High Emissions Credit Costs Continue To Hurt Cinergy
Dow Jones & Company, Inc. - Oct 22
The Cincinnati-based electric utility reported Friday a 19% decline in third quarter-earnings compared with a year ago, mainly caused by cool weather that lowered electricity demand, the high price of eastern coal and soaring emissions credit prices.
Cinergy spokesman Steve Thrash said the higher costs were due to the high price of SO2 allowances relative to third-quarter 2003 prices.
"The market price for SO2 has increased dramatically from last year to this year," Thrash said.
Cinergy reported that its second-quarter earnings suffered from increases in both nitrogen oxides and SO2 prices, though the bulk of those expenses were due to SO2 prices.

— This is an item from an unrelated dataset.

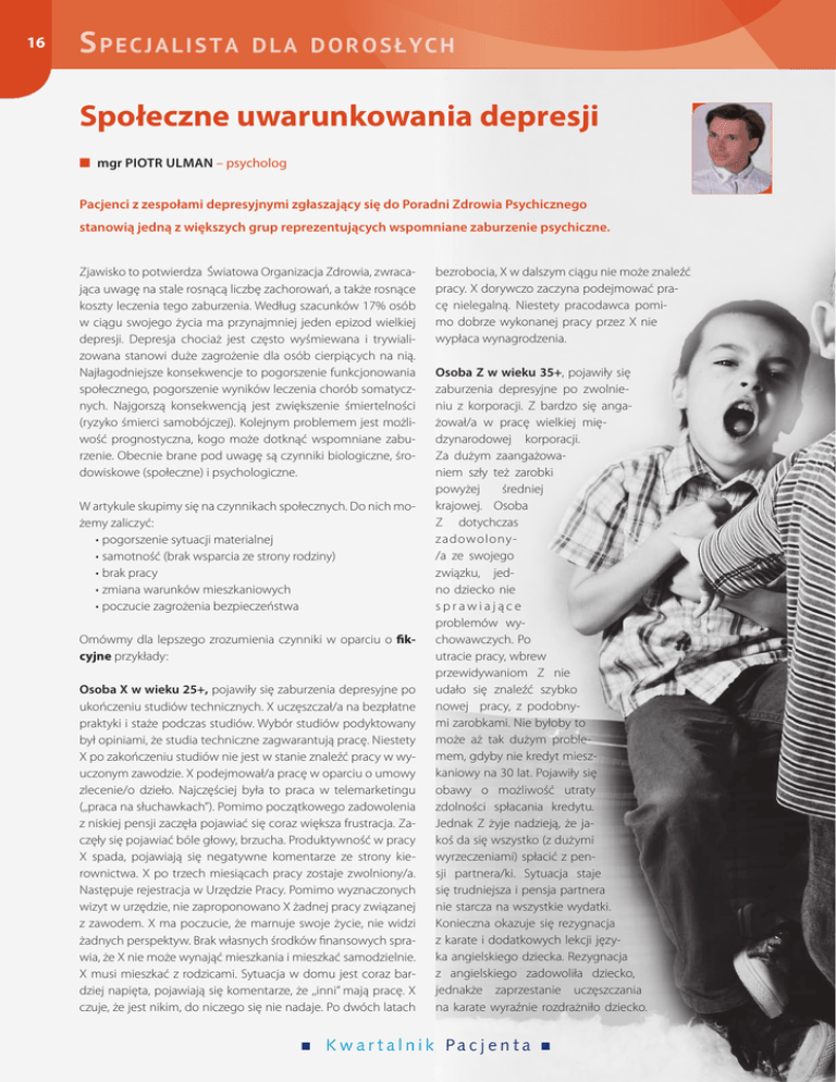16 NpaesczjaaZOZ S ldi z s iteal ndilcaa d o r o s ł y c h Społeczne uwarunkowania depresji ■ mgr Piotr ulman – psycholog Pacjenci z zespołami depresyjnymi zgłaszający się do Poradni Zdrowia Psychicznego stanowią jedną z większych grup reprezentujących wspomniane zaburzenie psychiczne. Zjawisko to potwierdza Światowa Organizacja Zdrowia, zwracająca uwagę na stale rosnącą liczbę zachorowań, a także rosnące koszty leczenia tego zaburzenia. Według szacunków 17% osób w ciągu swojego życia ma przynajmniej jeden epizod wielkiej depresji. Depresja chociaż jest często wyśmiewana i trywializowana stanowi duże zagrożenie dla osób cierpiących na nią. Najłagodniejsze konsekwencje to pogorszenie funkcjonowania społecznego, pogorszenie wyników leczenia chorób somatycznych. Najgorszą konsekwencją jest zwiększenie śmiertelności (ryzyko śmierci samobójczej). Kolejnym problemem jest możliwość prognostyczna, kogo może dotknąć wspomniane zaburzenie. Obecnie brane pod uwagę są czynniki biologiczne, środowiskowe (społeczne) i psychologiczne. W artykule skupimy się na czynnikach społecznych. Do nich możemy zaliczyć: • pogorszenie sytuacji materialnej • samotność (brak wsparcia ze strony rodziny) • brak pracy • zmiana warunków mieszkaniowych • poczucie zagrożenia bezpieczeństwa Omówmy dla lepszego zrozumienia czynniki w oparciu o fikcyjne przykłady: Osoba X w wieku 25+, pojawiły się zaburzenia depresyjne po ukończeniu studiów technicznych. X uczęszczał/a na bezpłatne praktyki i staże podczas studiów. Wybór studiów podyktowany był opiniami, że studia techniczne zagwarantują pracę. Niestety X po zakończeniu studiów nie jest w stanie znaleźć pracy w wyuczonym zawodzie. X podejmował/a pracę w oparciu o umowy zlecenie/o dzieło. Najczęściej była to praca w telemarketingu (,,praca na słuchawkach”). Pomimo początkowego zadowolenia z niskiej pensji zaczęła pojawiać się coraz większa frustracja. Zaczęły się pojawiać bóle głowy, brzucha. Produktywność w pracy X spada, pojawiają się negatywne komentarze ze strony kierownictwa. X po trzech miesiącach pracy zostaje zwolniony/a. Następuje rejestracja w Urzędzie Pracy. Pomimo wyznaczonych wizyt w urzędzie, nie zaproponowano X żadnej pracy związanej z zawodem. X ma poczucie, że marnuje swoje życie, nie widzi żadnych perspektyw. Brak własnych środków finansowych sprawia, że X nie może wynająć mieszkania i mieszkać samodzielnie. X musi mieszkać z rodzicami. Sytuacja w domu jest coraz bardziej napięta, pojawiają się komentarze, że ,,inni” mają pracę. X czuje, że jest nikim, do niczego się nie nadaje. Po dwóch latach bezrobocia, X w dalszym ciągu nie może znaleźć pracy. X dorywczo zaczyna podejmować pracę nielegalną. Niestety pracodawca pomimo dobrze wykonanej pracy przez X nie wypłaca wynagrodzenia. Osoba Z w wieku 35+, pojawiły się zaburzenia depresyjne po zwolnieniu z korporacji. Z bardzo się angażował/a w pracę wielkiej międzynarodowej korporacji. Za dużym zaangażowaniem szły też zarobki powyżej średniej krajowej. Osoba Z dotychczas zadowolony/a ze swojego związku, jedno dziecko nie sprawiające problemów wychowawczych. Po utracie pracy, wbrew przewidywaniom Z nie udało się znaleźć szybko nowej pracy, z podobnymi zarobkami. Nie byłoby to może aż tak dużym problemem, gdyby nie kredyt mieszkaniowy na 30 lat. Pojawiły się obawy o możliwość utraty zdolności spłacania kredytu. Jednak Z żyje nadzieją, że jakoś da się wszystko (z dużymi wyrzeczeniami) spłacić z pensji partnera/ki. Sytuacja staje się trudniejsza i pensja partnera nie starcza na wszystkie wydatki. Konieczna okazuje się rezygnacja z karate i dodatkowych lekcji języka angielskiego dziecka. Rezygnacja z angielskiego zadowoliła dziecko, jednakże zaprzestanie uczęszczania na karate wyraźnie rozdrażniło dziecko. K w a r t a l n i k Pa c j e n t a S p e c j a l i s t aNdalsaz ad od rz ioeslłnyi c ha Dziecko zaczyna bić się z kolegami w szkole. Z jest wzywana/y do szkoły. Nauczycielka zwraca uwagę, że dziecko się zmieniło na gorsze. Informacja ta obniżyła nastrój Z. Sytuacja w domu staje się napięta. Wszyscy domownicy łatwo wpadają w złość, przy stłuczonej szklance, zapalonym świetle w pustym pokoju, pojawiają się dyskusje o braku oszczędności i gospodarności. Z ma problemy z zasypianiem i koncentracją, z każdym miesiącem bezrobocia traci wiarę w swoje możliwości. Osoba Y w wieku 67 lat, pojawiły się zaburzenia depresyjne po przejściu na emeryturę. Y początkowo był/a zadowolony/a po przejściu na emeryturę. Ciężka praca w fabryce i pojawiające się schorzenia zmniejszyły tempo wykonywania różnych czynności przez Y. W swojej dawnej pracy Y nie miał/a dużej styczności z komputerem. Było wiadomo, że komputer reguluje automatykę zakładu, ale Y nie musiał z nim pracować. Był fachowcem w wykonywanej przez siebie pracy i często pomagał nowym pracownikom. Niestety, gdy Y przestał pracować, a własne dzieci dawno się wyprowadziły Y zaczął czuć pustkę. Partner/ ka zmarł/a dwa lata temu na raka. Gdy Y chce sobie załatwić ,,kartę warszawiaka” dowiaduje się od znudzonej pracownicy biura obsługi pasażera, że szczegółowe informacje znajdzie w Internecie. Dodatkowo jeśli skorzysta z Internetu, nie będzie musiał/a stać w długiej kolejce, która może wywołać bóle w stawach kolanowych. Y chce także załatwić pewne sprawy u swojego operatora telefonii komórkowej. Również otrzymuje informacje, że wszystkie potrzebne dokumenty i informacje znajdzie w Internecie, wystarczy, że sobie wydrukuje i podpisze. Ewentualnie można zrobić wszystko on-line, a dokumenty do podpisu przyniesie kurier. Y czuje się coraz bardziej pogubiony, nie potrafi obsługiwać komputera, bo nie było mu to wcześniej do niczego potrzebne. Y nie wie co ma robić. Bardzo się tym den

SO2 roughly tripled between January and July, when it traded around $650 /ton. SO2 is now trading at about $570 /ton.
Most other utilities with large coal fleets, however, didn't cite added costs from expensive SO2 allowances. Thrash couldn't say what was unique about Cinergy.
Thrash said NOx prices didn't eat into the company's earnings this quarter, despite the fact that the company was forced to turn off a NOx control device at its 3,500 megawatt Gibson Station plant in Indiana.
The device was causing the plant to dump clouds of sulfuric acid mist onto Mt. Carmel, Ill., a small town just across the state line. Cinergy agreed to shut off the device, which is called a selective catalytic reduction unit, while it searched a solution to the problem.
The company was forced to purchase extra NOx credits to cover the increased emissions that resulted from not runnoing the device, but Thrash said the added NOx credit expenses didn't hurt the company's earnings because it Indiana allowed the company too pass through the added costs onto the ratepayers.